“Patrick,” I say quietly. “Please. Just think about it. If we keep going the way we are, more people are going to die. This is our chance to build something better.”
He stares at me for a long moment, his expression unreadable. Then, slowly, he shakes his head. “You’re naive, Tilda. Always have been. But this…this is a new low.”
I open my mouth to argue, but he cuts me off, his voice cold and final. “You’ve put us all in danger by bringing him here. The pack won’t stop at just you and your Alpha. They’ll come for all of us eventually. And we can’t afford to let that happen.”
“What are you saying?” I ask, a knot of dread forming in my stomach.
Patrick steps back, crossing his arms over his chest. “I’m saying we need to figure out what to do with you. And if that means handing you over to the Angels…well, maybe they’ll show you some mercy.”
I stare at him, my blood turning to ice. “You can’t be serious.”
His smile is cruel, devoid of warmth. “Dead serious, Tilda. You’ve made your choice. Now it’s time for the rest of us to make ours.”
The room feels like it’s closing in on me, the air thick and stifling. Patrick turns away, heading for the door, leaving me alone with the crushing weight of his words.
The sound of the lock clicking into place echoes in the small space, and I realize with a sinking heart that we haven’t even hit rock bottom yet.
Things could still get much, much worse.
32
REYES
Ispend too long in crippling, terrifying darkness.
The pain is almost too much, drowning me. My chest aches, an open wound in the air, like my heart itself has been torn out. When we get out from under the Celestial Curtain, the light of the late afternoon sun hurts my eyes, the thundering of hooves lulling me into a sleep I’m not sure I’ll wake up from.
Our healing powers are superhuman, but even monsters can be killed by a direct shot to the chest.
And I need the light of the moon to fully heal.

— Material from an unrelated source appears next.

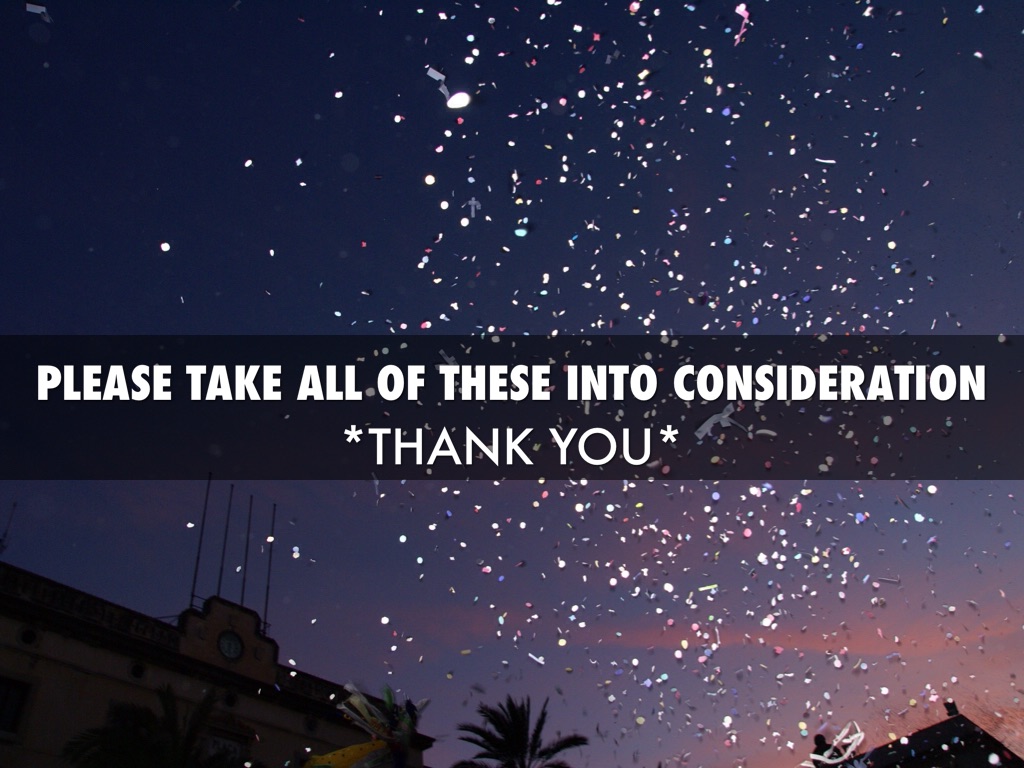 PLEASE TAKE ALL OF THESE INTO CONSIDERATION

The next thing I hear is voices surrounding me, hands holding me as I’m carried off the horse and into the den. Familiar scents envelop me, my family holding me in their embrace. Someone is crying, salt on the air. A bandage is placed over my chest. It hurts. I don’t want the ache to go away when the reason for it is notably absent.

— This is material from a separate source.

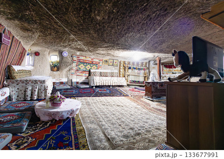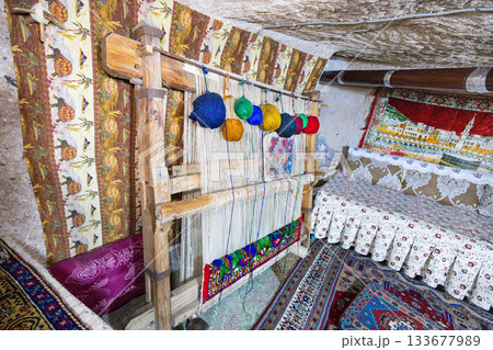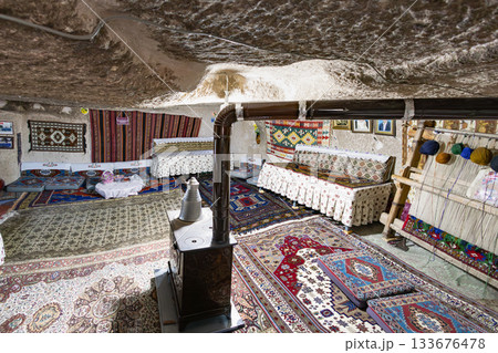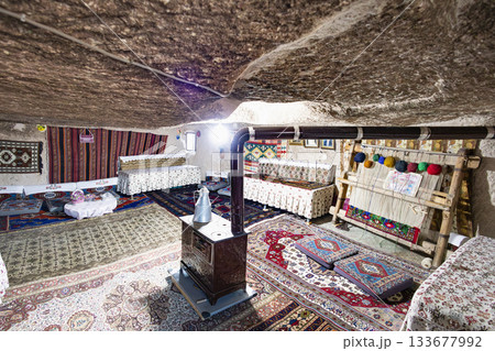 カッパドキア世界遺産の洞窟の家 トルコ絨毯織器

Is this the pain of a gunshot, or heartbreak?
Is this what it feels like to be torn away from your mate?
“Thank God you were there,” a woman’s voice says. I recognize it, though it’s not the voice I’m yearning to hear.
“He didn’t want us to come, but I figured things might go south, and Frankie didn’t seem comfortable with it at all…”
Elijah and Charlotte. They’re the only others here in the room, along with Suyin. The medic must have said family only was allowed.
“Where is he?” a voice calls from the corridor, tight with urgency.
Mateo.
I try to move, to turn my head toward the sound, but my body feels like it’s made of lead. My chest burns with a sharp, searing pain, and even the faintest movement sends waves of agony rippling through me. I can’t open my eyes—the light cuts through my skull like shards of glass.
This must be what Tilda felt when she was shot in the stomach. The memory hits me like another blow. Tilda. I need her. I need her here to tend to the wound, her bite, her kiss—anything to pull me back from this precipice. She could heal me in hours if she was here.
Where is she?
“Oh God,” Mateo’s voice cracks as he reaches me. I hear the scuffle of his knees hitting the floor beside the bed, the breathless panic in his whisper. “Santa María, Madre de Dios, ruega por nosotros, los pecadores, ahora y en la hora de nuestra muerte… amén.”
He takes my hand, his grip tight enough to cut off my circulation. His fingers tremble as they wrap around mine, anchoring me in the present moment. The pain in my chest dulls under the pressure of his touch, but the desperation in his voice cuts deeper. Mateo hasn’t prayed in nearly a decade.
Not since he lost his husband in the first days of the Convergence…when the world went mad and told people like them they were destined for hell.